The statistical analysis methodology used in this study is reported in our previous publication . In brief, the variables used in the multivariable analysis were selected after a rigorous review of the pediatric literature on COVID-19 infection and CHD. During selection, variables with reliable and consistent ICD codes were identified. For regression modeling, univariable analyses of each variable of interest were performed first, followed by a multivariable analysis incorporating additional variables (age, sex, race/ethnicity, asthma/reactive airway disease, prematurity, presence of respiratory and musculoskeletal congenital anomalies, the presence of chromosomal anomalies and zip code of patients’ home neighborhood) to determine the effects of covariates and confounding variables on the outcome of interest. Zip code of patients’ home neighborhood is a quartile classification of the estimated median household income of residents in the patient’s ZIP Code. The quartiles are identified by lowest to highest, indicating the poorest to wealthiest populations. We performed logistic regression analysis for the odds ratios (ORs) of the risk of mortality and other complications mentioned above. Multiple linear regression analysis was used to assess differences in the length of hospital stay.
Weights provided by HCUP/NIS were used in all analyses to account for the complex sampling design and clustering for the analysis. All statistical analyses were performed using Stata statistical software (version 15.1), R version 3.6.0  and R Studio 1.2.  Complex survey design of the NIS was accounted for using the survey package  and tables were generated using the tableone package , both in R.
We identified 36,690 pediatric COVID-19 admissions from January 1 to December 31, 2020, based on inclusion and exclusion criteria. Baseline characteristics of children with COVID-19 with and without CHD are presented in Table 1. Of the total population, 1240 (3.4%) children had CHD, with 155 (12.5%) having single ventricle pathology, 770 (62.1%) having mild lesions, and 315 (25.4%) diagnosed with biventricular complex lesions.
The overall in-hospital mortality rate for children hospitalized with COVID-19 infection was 0.8% (n = 310). Acute respiratory failure was present in 17.0% (n = 6230), acute kidney injury in 5.5% (n = 2035) and invasive mechanical ventilation in 5.5% (n = 2000).
Children with CHD were much younger than those who did not have underlying CHD [1 year (IQR 0–5) vs. 15 (IQR 3–19) years, p < 0.001], and stayed in the hospital longer than those without CHD [5 days (IQR 2–11) vs. 3 (IQR 2–5), p < 0.001].

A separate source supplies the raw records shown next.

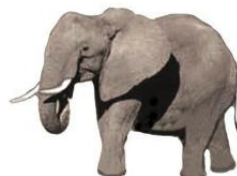
olifant 5000 kg

Bekijk het filmpje van dierentuin Artis: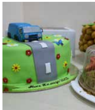
Кулинарные творения участниц конкурса

не только внешние данные конкурсанток, но и артистизм, умение держать себя на сцене, вокальные и хореографические таланты. И тут девушки не подвели: были визитки, выполненные с помощью 3D-графики, звучали стихи, иностранная речь и даже песни на китайском языке. В общем, потенциальные мисс дали понять, что на «КАМАЗе» работают не просто красавицы и спортсменки, а очень даже одарённые и талантливые девушки. Они не только поют и танцуют, вяжут или мастерят поделки, но и удивительно готовят. Необыкновенный торт, украшенный кондитерским КАМАЗом, как и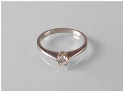
Weißgold 585, RW 52,5, 2,1 gøg2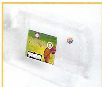
Barquettes fruits / légumes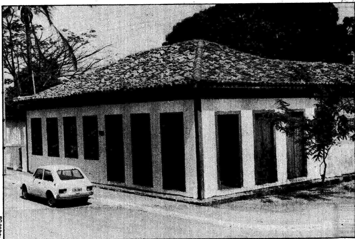
A linha de trabalho a ser adotada pelo Museu está sendo motivo de discussões na cidade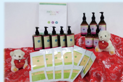
▲本計畫研發之洗髮精、潤絲精及染髮粉。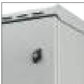
Doppia chiusura con chiave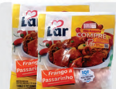
Frango a Passarinho Lar 700g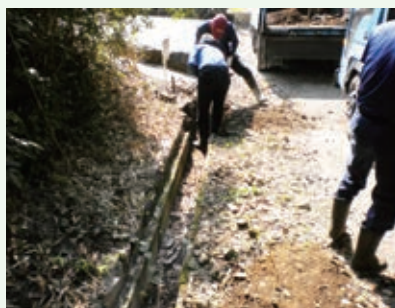
側溝補修工事（第二緑泉苑）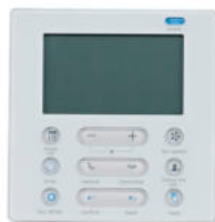
Kabelový ovladač - FKJR 120A pro kazetové, podstropní / parapetní a mezistropní jednotky

Časový spínač může být nastaven pro libovolné zapínání a vypínání klimatizační jednotky kdykoli po dobu 24 hodin.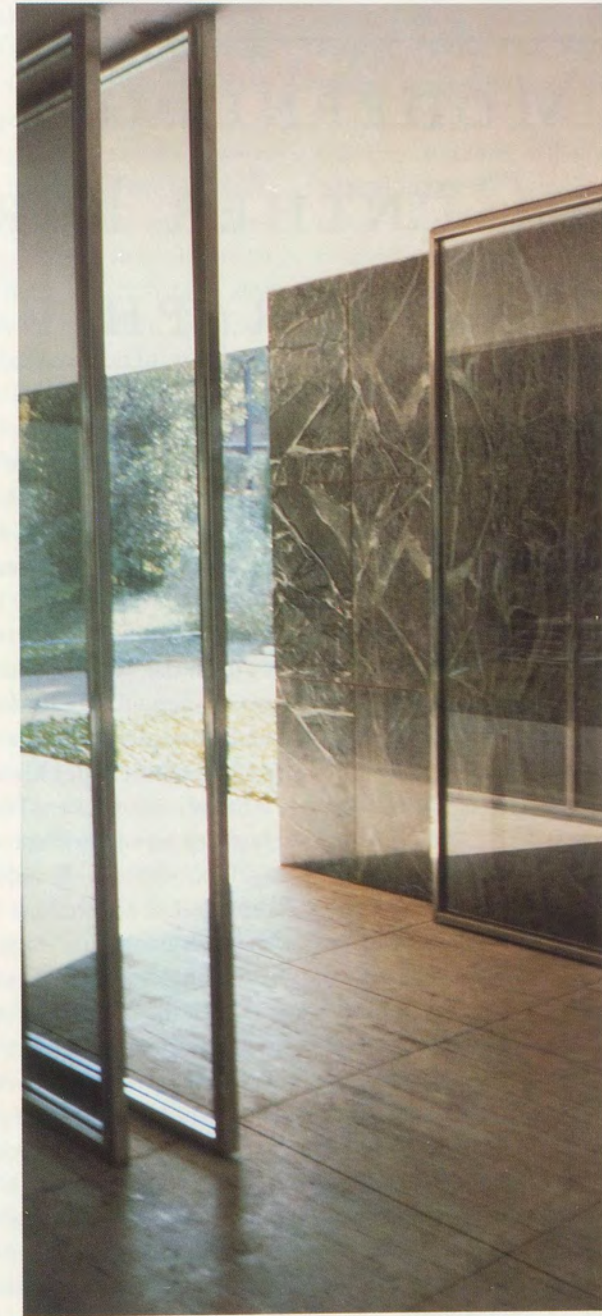
GÜNTHER FÖRG, BARCELONA PAVILLON, 1988, color photograph, 270 x 120 cm / 106 x 47".

In-hospital mortality was 1.2% (n = 15) in children with COVID-19 infection and CHD, this was 0.8%(n = 295) for those without CHD, P = 0.63. As shown in Table 2, after adjusting for age, sex, race, neighborhood zip codes, the presence of chronic medical conditions specifically asthma/reactive airway disease, and chromosomal anomalies, a multivariable regression model found that the risk of mortality in patients with CHD was not statistically significant, adjusted OR (aOR) of 1.7 (95% CI: 0.6–5.3), P = 0.32. In this model, older children (aOR: 1.1, 95% CI:1.1–1.1) had a higher risk of mortality while female sex had a lower risk (aOR: 0.4, 95% CI: 0.2–0.7).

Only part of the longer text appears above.